▶ **Data shown**:
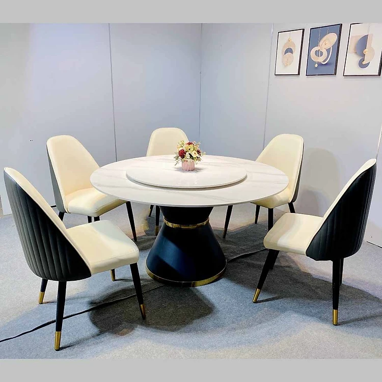 Bộ bàn ăn thông minh mặt đá phiến tròn mâm xoay kết hợp ghế Moca
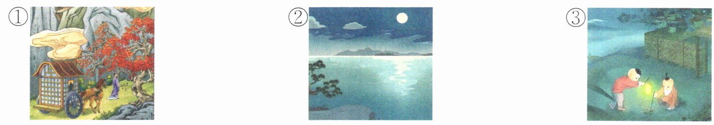 1.停车坐爱枫林晚 霜叶红于二月花 2.湖光秋月两相和 潭面无风镜未磨 3.知有儿童挑促织 夜深篱落一灯明
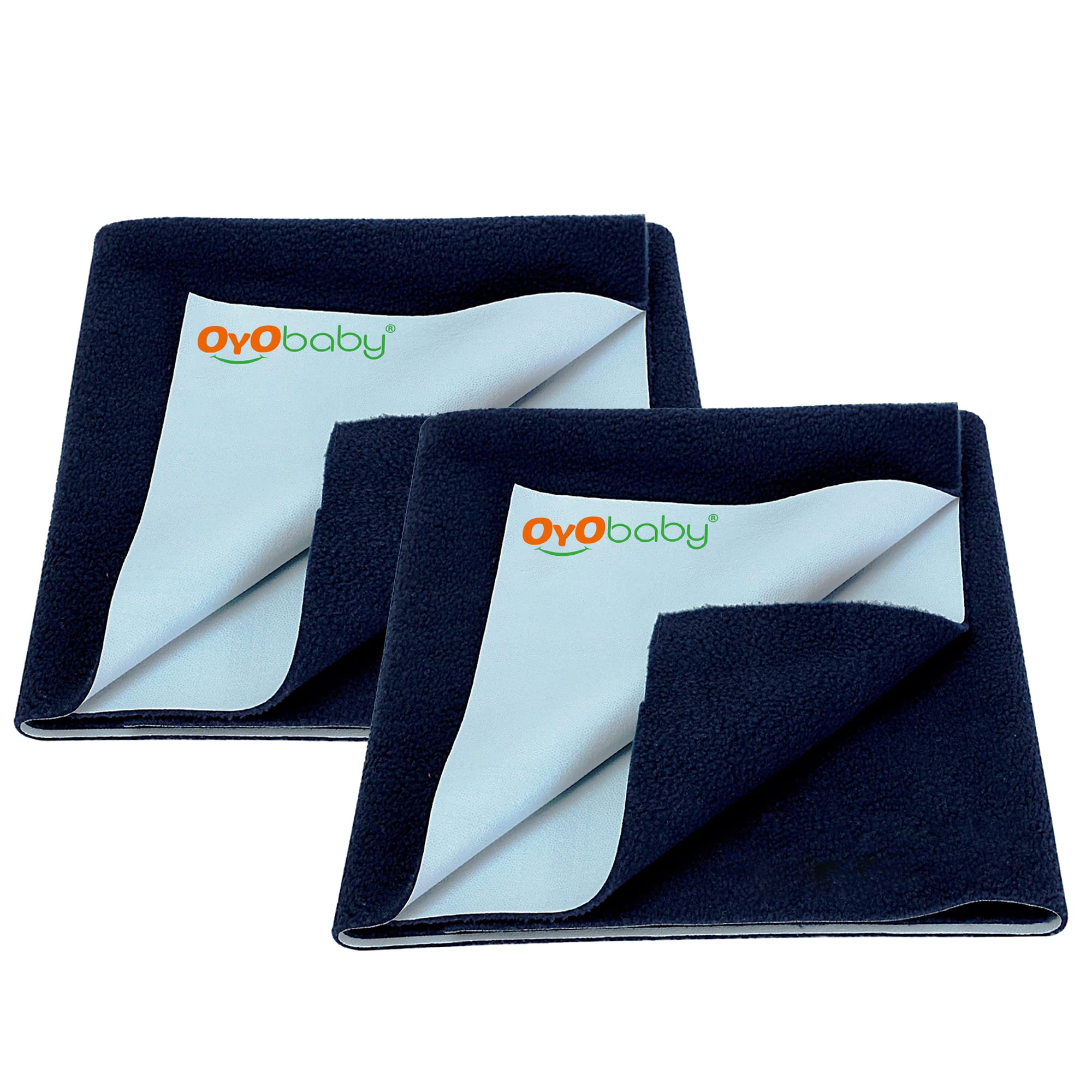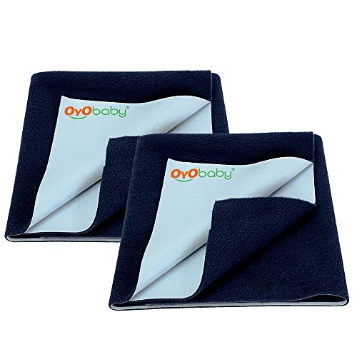 OYO BABY - Waterproof Mattress Protector Sheet | Dry Sheet for Kids and Adults - (Baby Bed Protector Medium Size - 100cm x 70cm - (Pack of 2), Dark Sea Blue), Polycotton
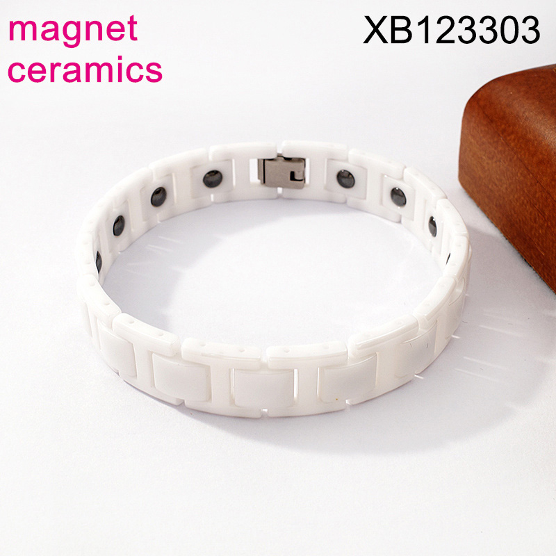 Level B Stainless Steel New Trendy Man Jewelry Steel color Magnet Stone White Ceramics Bracelet

▶ **Required action**:
Pictures aside, reproduce the listing above exactly.

▶ **Solution below**:
 Bộ bàn ăn thông minh mặt đá phiến tròn mâm xoay kết hợp ghế Moca
 1.停车坐爱枫林晚 霜叶红于二月花 2.湖光秋月两相和 潭面无风镜未磨 3.知有儿童挑促织 夜深篱落一灯明
 OYO BABY - Waterproof Mattress Protector Sheet | Dry Sheet for Kids and Adults - (Baby Bed Protector Medium Size - 100cm x 70cm - (Pack of 2), Dark Sea Blue), Polycotton
 Level B Stainless Steel New Trendy Man Jewelry Steel color Magnet Stone White Ceramics Bracelet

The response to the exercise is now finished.